家中無浪子,財從何處來。
萬般銅錢臭,神佛也鍍金。
雷打真孝子,財發狠心人。
心軟窮半生,膽小苦一生。
黑皮喝得有點多了,嘴裏不斷咕嚕著這些話,說嫂子,你不懂男人那想出人頭地的心。
“人活著就是折騰!”
“你不折騰別人,別人就折騰你,你心軟,別人當你是軟柿子,你膽小,別人當你是墊腳石,就這麼簡單。”
“那折騰到頭了呢。”
“折騰到頭就折騰到頭了唄,誰還能一直活著長生不死不成。”
“有道理,有時候我都覺得學校教的都太理想化了,還是得多和在社會上摸爬滾打起家的人交流交流。”
沈明月把他麵前的空酒杯拿過來,替他倒滿,又推回去。
黑皮看著那杯酒,嘿嘿笑了兩聲。
“嫂子,說句心裏話,我這些年見過的人裏頭,你是獨一份。”
沈明月笑笑。
論陽春白雪,她能聊,說下裡巴人,她也能接。
黑皮從社會掠奪扯到小時候偷紅薯,從莊臣的手段扯到老家祠堂的牌位……
他說一句沈明月接一句,接得不顯山不露水,但每一句都剛好接在他話頭的尾音上。
像兩個人打球,她從來不扣殺,隻是穩穩地把球回到對方最舒服的位置。
黑皮的認同感得到了極大的滿足,後果就是他喝得更多了,舌頭開始打結。
“黑皮。”
“嗯?”
“你那裏有沒有走投無路,要錢不要命的人,推幾個給我唄。
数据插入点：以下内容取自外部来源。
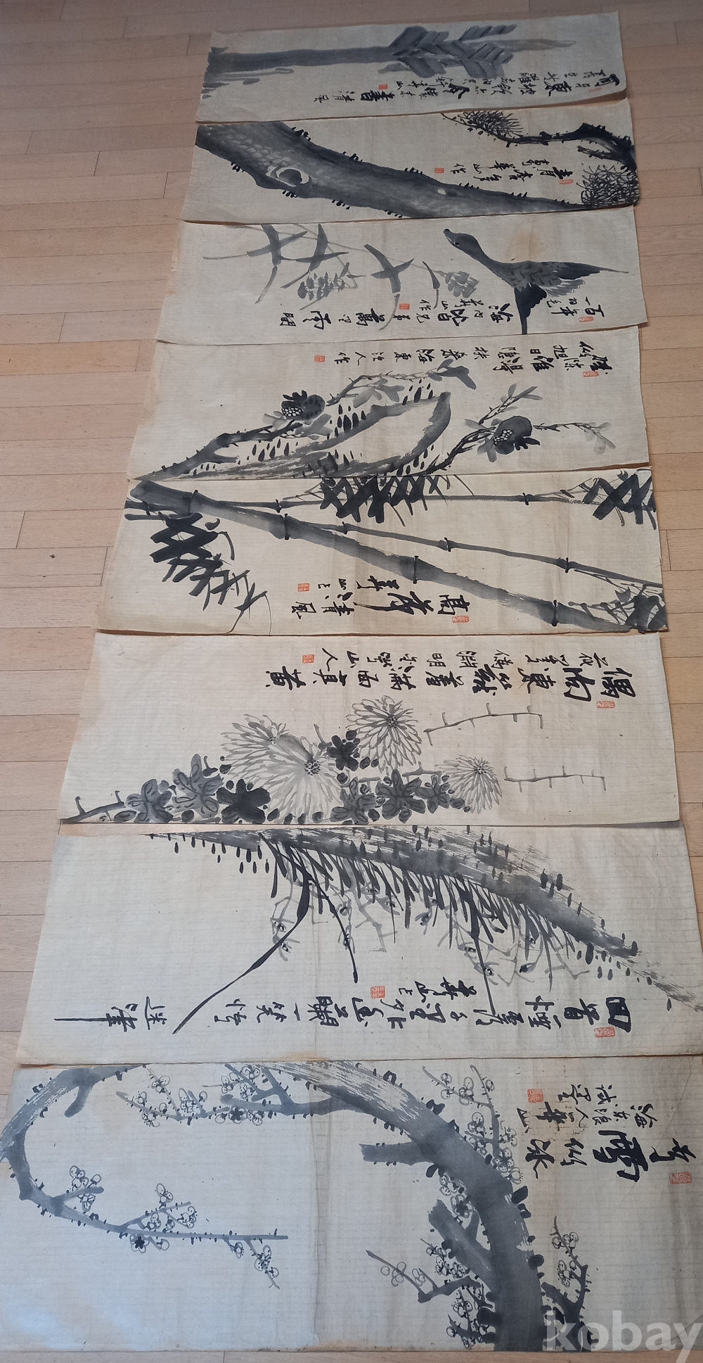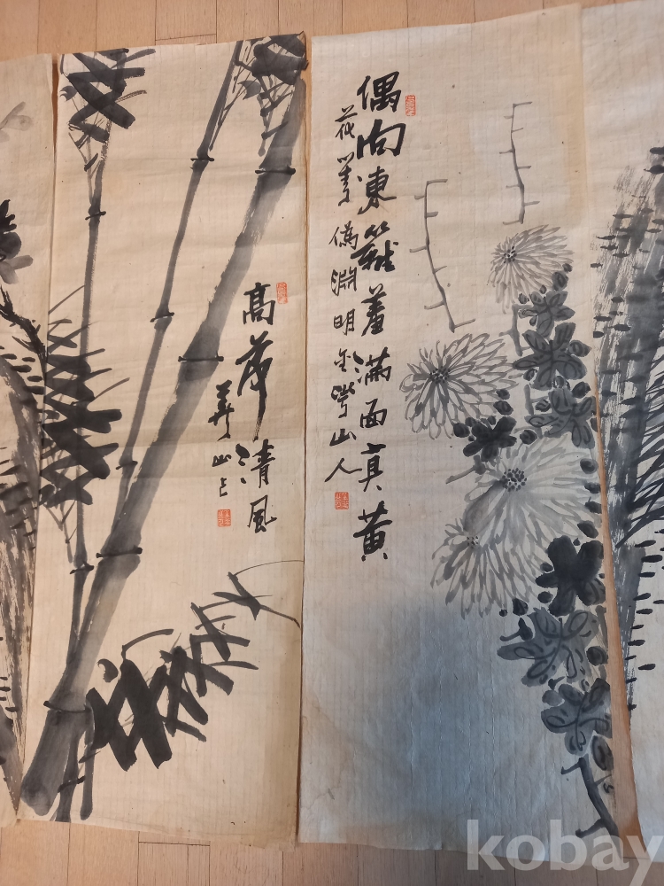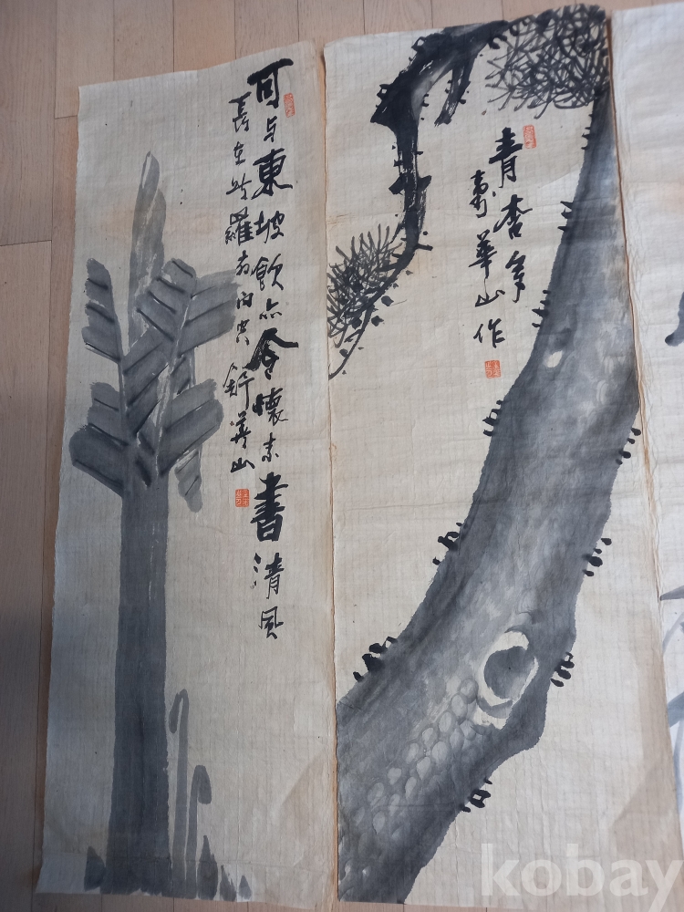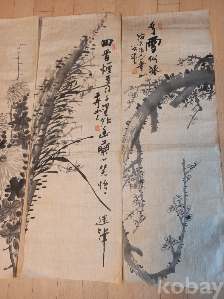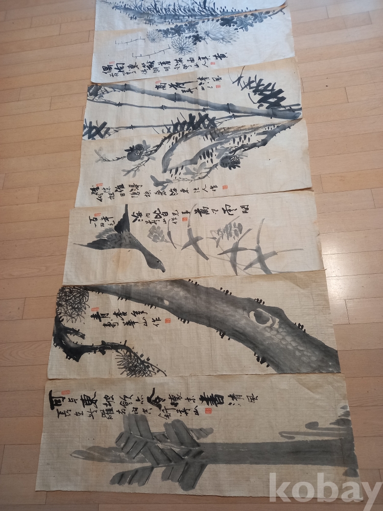 상태 미사용 한지 화산 김 일 선생은 해동랑인 금석산방 의 별호도 쓰신 독립운동가 화가 십니다 네이버에검새하시면더자세이 보실수 있습니다 매.난.국.죽.과 파초.솔.석류.노안을 그리셨네요 작품 마다 간결하고 품위가느껴지는 휼륭한 작품입니다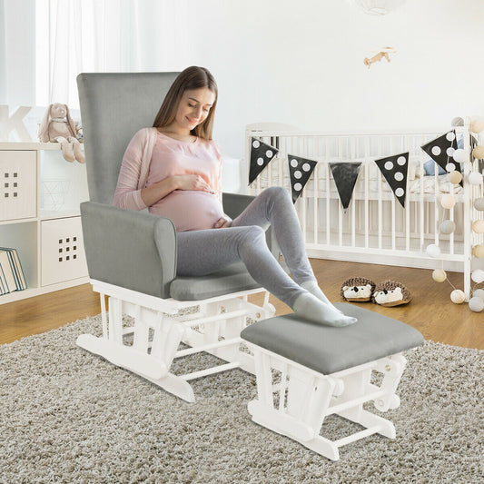 Upholstered Fabric Rocker with Solid Rubber Wood Frame and Padded Cushion-Grey

”
黑皮迷迷瞪瞪地抬起眼看她,從褲兜裡摸出手機,翻了翻通訊錄,手指在螢幕上戳了幾下。
“這幾個……都是……嫂子你……要這個幹什麼……”
沈明月默默用自己手機記下。
“多瞭解瞭解,看有沒有機會為群眾分憂解難一下。”
黑皮“嗯嗯”地應了兩聲。
他根本沒聽清,或者說,醉了酒的人,別人問什麼答什麼,但不進腦,醒酒就忘了。
喝麻了。
黑皮感覺腦袋一點一點地往下墜,又猛地抬起來,再一點一點地墜下去。
“黑皮。”
黑皮的下巴已經擱在胸口上了,含含糊糊地“嗯”了一聲。
“今天就到這裏吧,和你聊了一下,感覺受益匪淺,謝謝。”
黑皮又嗯了一聲,算回應。
“我叫人來接你回去。”
沈明月拿起黑皮的手機,翻開通訊錄,往下劃了幾頁,停在一個備註上。
莉沙。
這個看著像女人。
她撥了出去。
確實是女人的聲音,有點意外,還有按都按不住的欣喜。
“黑皮哥,你終於想起給我打電話了?”
沈明月報了地址,讓對方過來接人後就掛了電話。
大約半小時後,一輛白色大眾停在夜市街口。
那個叫莉沙的女人從駕駛座下來,看到沈明月,第一句話就是:“是你?!”
沈明月想了好一會兒,沒想出來她是誰。
人的一生中大概會遇到800萬人,其中會打招呼的大概3萬人左右,之後會熟悉的有3000人,再之後親近的人有200人左右。
但這些人最終都會消散在人海。
所以沒想起對方,這很正常。
女人看沈明月這疑惑的表情,也明白自己沒啥分量,唉,虧得自己當初還把她當勁敵,一個勁兒的捫心自問憑什麼呢。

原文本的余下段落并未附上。